The other known arrangement consists in supporting the thread-delivery rollers alone on vertical posts which are held by only one single support ring and to mount cut-off devices, which are structurally totally separate from said rollers, on a further support ring, which is provided below the aforementioned support ring. The space separation of the cut-off devices from the thread-delivery rollers has the great disadvantage that during stopping, the thread cannot be moved out of its clamped position between the belts and the thread-delivery rollers. Due to the inertia of the machine during stopping, after the switching-off time, still a large amount of thread is delivered, which can result in complications when the machine starts again.

The basic purpose of this invention is to produce an apparatus of the above-discussed type which permits a compact and space-saving arrangement of the thread-delivery rollers and of the cut-off devices while maintaining the advantages of a moving out of the thread from the clamping position during stopping.

This purpose is attained by the invention as defined in the attached claims.

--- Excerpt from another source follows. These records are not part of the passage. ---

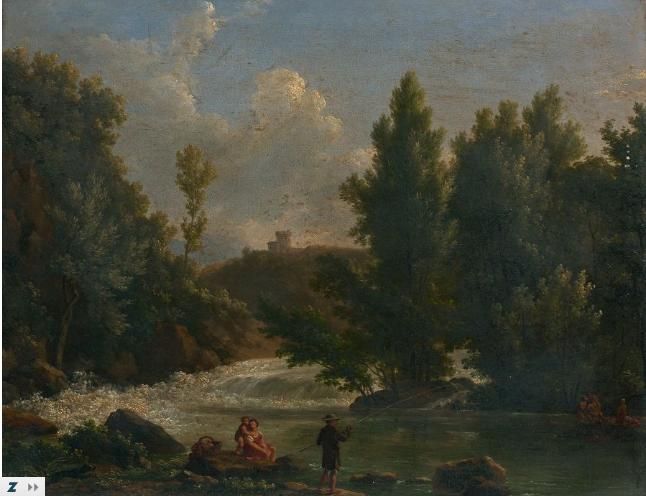 | Paysage de rivière animé d'un pêcheur et de baigneuses | |
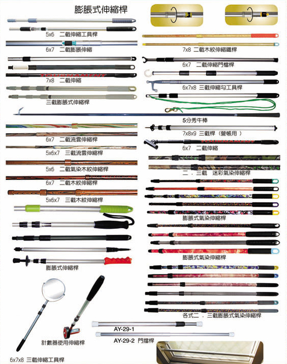 ,旗桿,營柱桿,帳篷桿,伸縮腳架,伸縮指揮棒,托槍桿及各式
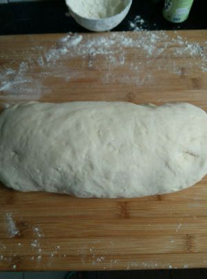 干酵母加入温水中化开,倒入面粉中,加入两勺奶粉,用筷子搅拌成絮状,用手揉至表面光滑的面团(有面包机的话直接将食材放入面包机里)
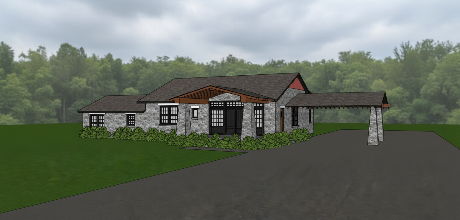 exterior shot render a modern mid century inspired house with a flat roof design the facade features a harmonious blend of natural wood and smooth white walls large sliding glass doors and windows framed in sleek black aluminum offer expansive views the door is black with frosted glass panels outside vibrant green foliage surrounds the house contrasting with the bright blue sky a neatly maintained deck with minimalist outdoor furniture in neutral tones completes the look the atmosphere is serene and contemporary bathed in warm natural sunlight
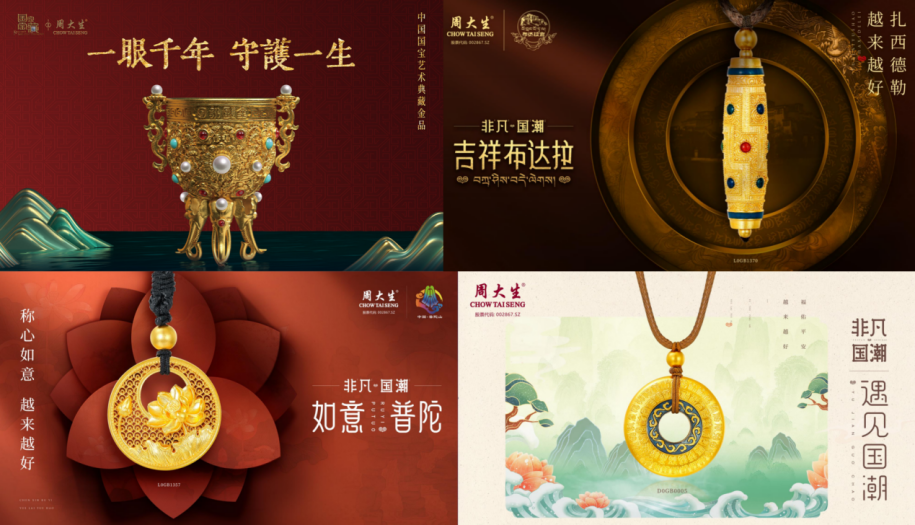 关注国潮文化和黄金发展的周宗文,在此次“手镯节”中将二者进行了完美的结合。活动中推出的饰品,大多是品牌携手“藏地佛教文化领军IP”、“观世音菩萨福佑文化IP”、“佛国普陀山”以及汇集了故宫、敦煌等27+著名博物馆、荟萃了80+国宝级馆藏文物重磅打造的“国家宝藏”、“布达拉宫”、“如意普陀”以及“遇见国潮”等中国文化IP系列产品,通过“文创+国潮+珠宝”的形式,将优秀传统文化和千年情感文化注入珠宝当中,创造出中国文化与黄金珠宝设计共融的更多可能性,同时也赋予千年文化与深厚情感新时代内涵,全新演绎中国文创潮流概念。

In the case of the inventive apparatus it is possible to support a number of thread rollers, equal to the number of belts as exist on the machine, one above the other on a center support shaft. Since only the structural height of the thread-delivery rollers themselves is to be absorbed, the need for space in the elevational direction is small. The cut-off devices are supported as separate structural units on a guide bar which is parallel with respect to the shaft. As many cut-off devices are mounted on the guide bar as thread-delivery rollers are provided. Due to the narrow space and close association of the cut-off devices and the thread-delivery rollers, it is possible to maintain the function of moving the thread out from the belt during stopping. The guide bar extends near the shaft and the thread-guiding rollers and the cut-off devices are arranged closely side-by-side. This makes the entire apparatus extremely compact. By moving the cut-off devices on the guide bar, the moving-out function can be adjusted simply. Thus an apparatus is created which permits, in multi-system circular knitting machines, storage of the entire thread-delivery system in the smallest space.

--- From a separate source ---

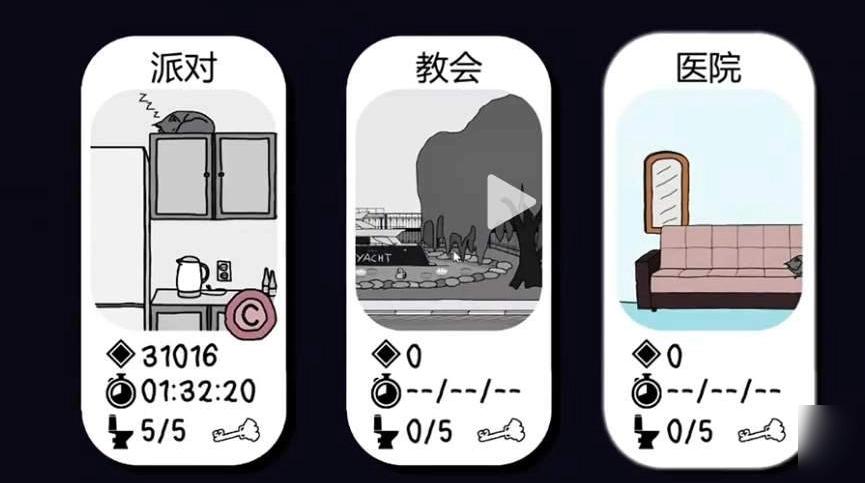 要进入隐藏房间,首先得找到三把隐藏钥匙,它们分别藏在派对、教会和医院这三张地图里。
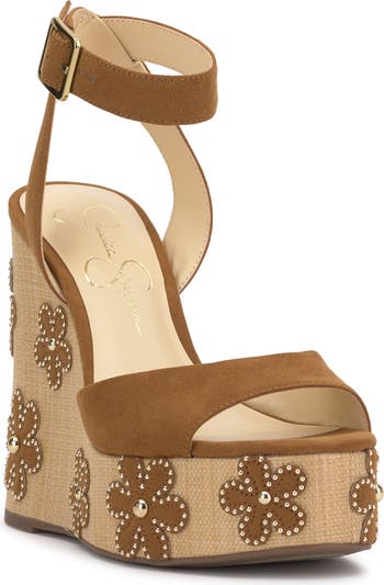Studded floral appliqués stand out against the woven platform and integrated wedge heel on a '70s-inspired sandal secured with an adjustable strap at the ankle.

It is already known to support on a vertical post, which is held on a support ring by clampable brackets, thread-delivery rollers and idling rollers and to arrange by means of a further bracket which projects in the other direction a cut-off device approximately at the same height as the thread-delivery roller. This cut-off device forms its own structural unit which is totally independent from the thread-delivery roller and which does not effect a moving of the thread out of the clamping position during stopping. Furthermore, with this system it is possible to provide only one cut-off device, so that an arrangement of several thread-conveying rollers one above the other on the same post and associated with cut-off devices which lie at the same level is not possible (Terrot-brochure).

The guide bar of this invention can be advantageously arranged radially inwardly of the respective support shaft as viewed relative to the support ring of the knitting machine. This results in an advantageous thread delivery and removal. The space which is available on the periphery of the support ring is utilized to an optimum.

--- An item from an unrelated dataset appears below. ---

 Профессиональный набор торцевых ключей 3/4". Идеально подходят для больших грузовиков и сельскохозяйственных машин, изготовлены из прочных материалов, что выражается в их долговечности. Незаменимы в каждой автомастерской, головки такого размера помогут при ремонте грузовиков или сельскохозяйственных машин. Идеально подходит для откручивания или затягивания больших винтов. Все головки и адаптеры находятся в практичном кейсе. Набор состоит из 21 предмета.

In a preferred embodiment the guide bar is constructed as an electrically insulative member with electrically conductive paths in the longitudinal direction thereof, and each cut-off device has sliding contacts on walls of a guide groove which grips around the guide bar. The guide bar thus performs a second function. It eliminates the need for additional electrical lines to and from the cut-off devices. The entire structure becomes simpler and thus also less susceptible to breakdown. The electrical current connection of each cut-off device is without problems and is created independently from the respective adjusted height.

The insulating member of the guide bar can advantageously form a long narrow rectangle in cross section with two recesses which are arranged spaced from one another and which define parallel longitudinal grooves on one longitudinal side, and with projecting edge strips on the other longitudinal side. The edge strips have on their free ends inwardly projecting noses. Electrically conductive bars are supported in the longitudinal grooves and between the edge strips. Three conductive paths to the cut-off devices, which paths are independent from one another, are thus obtained on the surface of the guide bar. These paths can be used for the current supply and for transmitting of signals, i.e. switching functions. At the same time the narrow bar shape, which is advantageous for the longitudinal movement of the cut-off device, is maintained, so that the associated open or closed guide groove on the cut-off device does not unfavorably influence its structural size. The guide bar can be manufactured in an economical manner: either the conducting paths can be cast or sprayed in directly during the manufacture of the insulating member, or can be fixedly engaged in the provided recesses or between the noses of the edge strips.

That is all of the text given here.